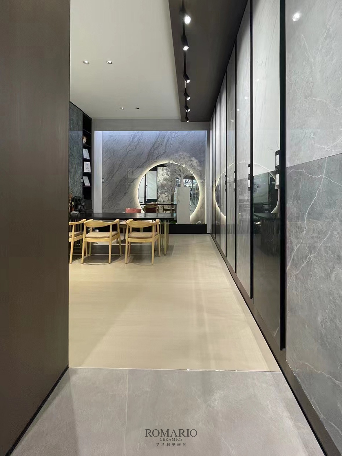 畢節羅馬利奧·磁磚藝術館容納了豐富的產品展示與購物體驗——首創圓弧式產品展示區,兼具傳統直立式素材展示區,聚合全品類、全規格、全色系等高質產品矩陣,營造高級精致的產品陳列方式,選購動線體驗全新升級。
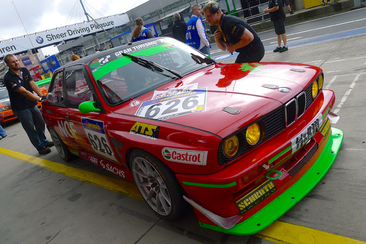 Um die Aufgabe „etwas leichter“ zu gestalten, sägt allerdings nicht der Flat Six des Porsche 911 GT3 R des Falken-Teams sondern der unwiderstehlich brüllende Vierzylinder eines BMW M3 E30 vom Valentin Racing unter der Haube des „Zeichen-Wagens“. Ein Vorteil für die Blogger, denn so ein Auto aus der Klasse H3 ist doch ein gutes Stückchen von den Rundenzeiten eines SP9 Bombers entfernt. Und das Ergebnis? Ganz ehrlich: Weit ab von künstlerisch wertvoll, doch das war irgendwie absehbar. Aber damit war die Nummer noch nicht ausgestanden. Die acht gezeichneten gekritzelten Falkenzilla-Mutanten mussten sich der fast 18.000 Fans großen Falken Motorsports Facebook Community zur Bewertung stellen. Hart und erbarmungslos wurden dabei die kleinen Monster von sechs Teilnehmern und unserem Redakteur Griesinger (der dies ausnahmsweise im Namen seines eigenen Blogs machte) kommentiert und beurteilt. Das Resultat: Ein eindeutiges Voting für den Falkenzilla von Griesinger.
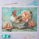 Bring farmhouse elegance to your crafting projects with this captivating decoupage tissue paper design. It features a golden-brown chicken resting in a vintage wire basket lined with delicate white lace, surrounded by lush coral peonies. The serene turquoise floral background adds a touch of charm and sophistication, making this design perfect for weddings, rustic-themed events, gift wrapping, or DIY crafts. A blend of country warmth and artistic detail, this unique tissue paper is an ideal choice for adding a luxurious and personalized touch to any project.
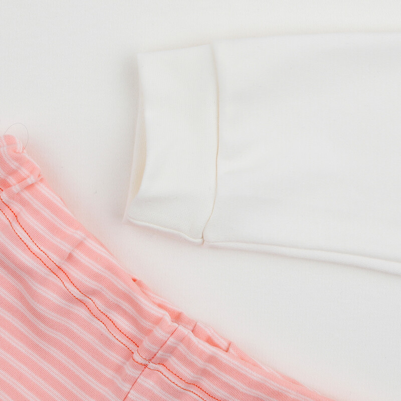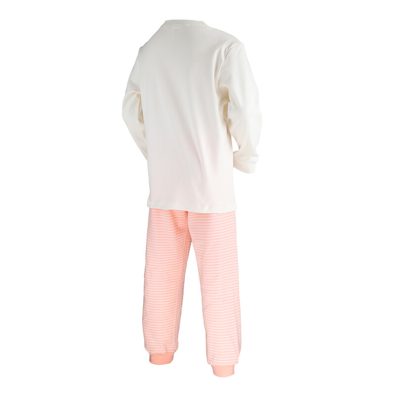 Velmi pohodlné dětské dlouhé pyžamo vyrobené z velmi příjemného bavlněného úpletu. Navlíkací guma v pasové části. Bavlněné lemy na rukávech a nohavicích.
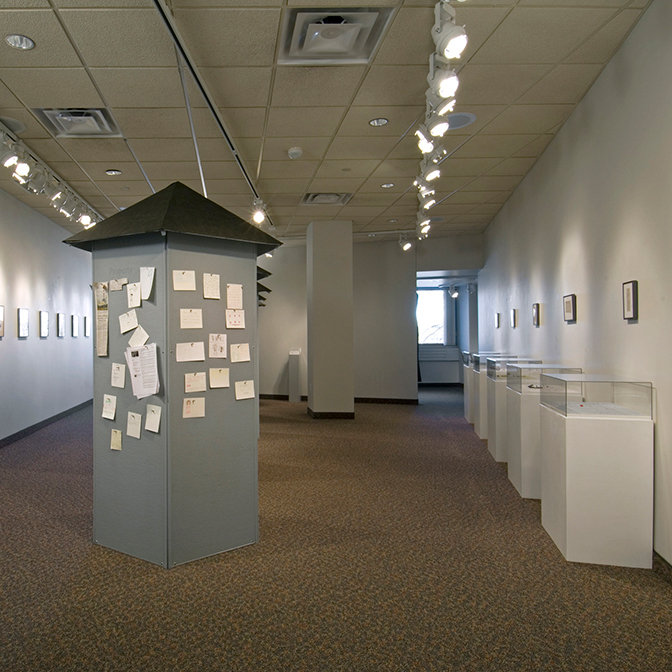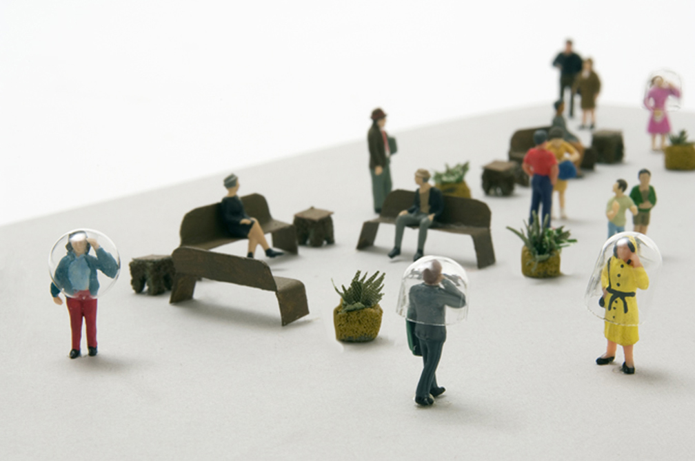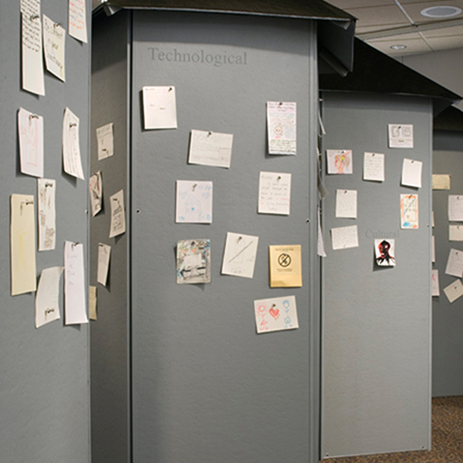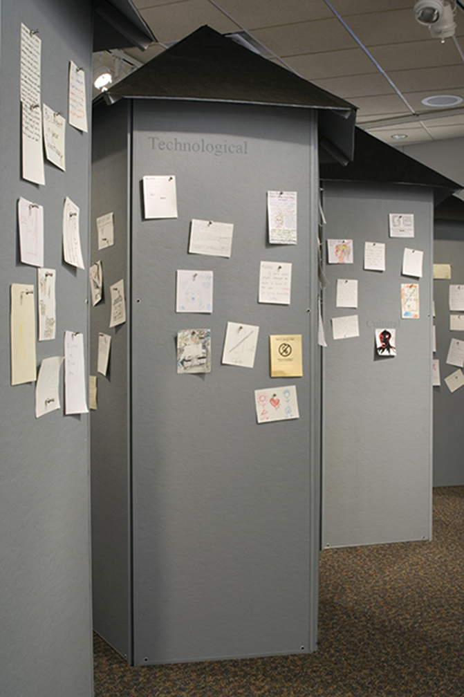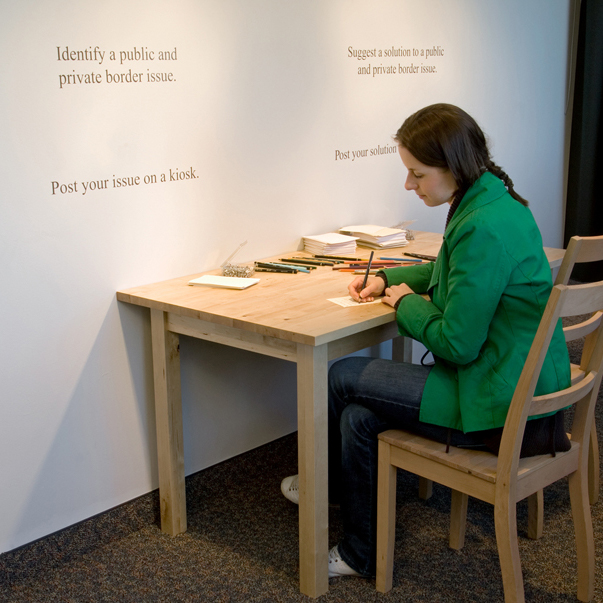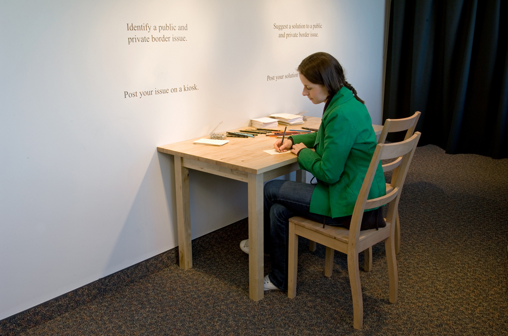 Presented at the Gage Gallery in the Lindell Library at Augsburg College, Borders invited visitors to post public/private challenges and their solutions on giant kiosks that bisected the gallery. I created a private space where they could think about issues and write them down. Framed text on the wall contained commentaries and research on the subject. Vitrines displayed models such as Cell Phone Shields, that proposed a solution to overhearing intimate conversations in public situations.

::::

Work request |
Of all the material above, only the lines from the one that has "Bring farmhouse elegance" down to the one that has "Velmi pohodlné dětské" are to be written out, exactly and with both ends included. Pictures are skipped.

Solution to this exercise |
 Bring farmhouse elegance to your crafting projects with this captivating decoupage tissue paper design. It features a golden-brown chicken resting in a vintage wire basket lined with delicate white lace, surrounded by lush coral peonies. The serene turquoise floral background adds a touch of charm and sophistication, making this design perfect for weddings, rustic-themed events, gift wrapping, or DIY crafts. A blend of country warmth and artistic detail, this unique tissue paper is an ideal choice for adding a luxurious and personalized touch to any project.
 Velmi pohodlné dětské dlouhé pyžamo vyrobené z velmi příjemného bavlněného úpletu. Navlíkací guma v pasové části. Bavlněné lemy na rukávech a nohavicích.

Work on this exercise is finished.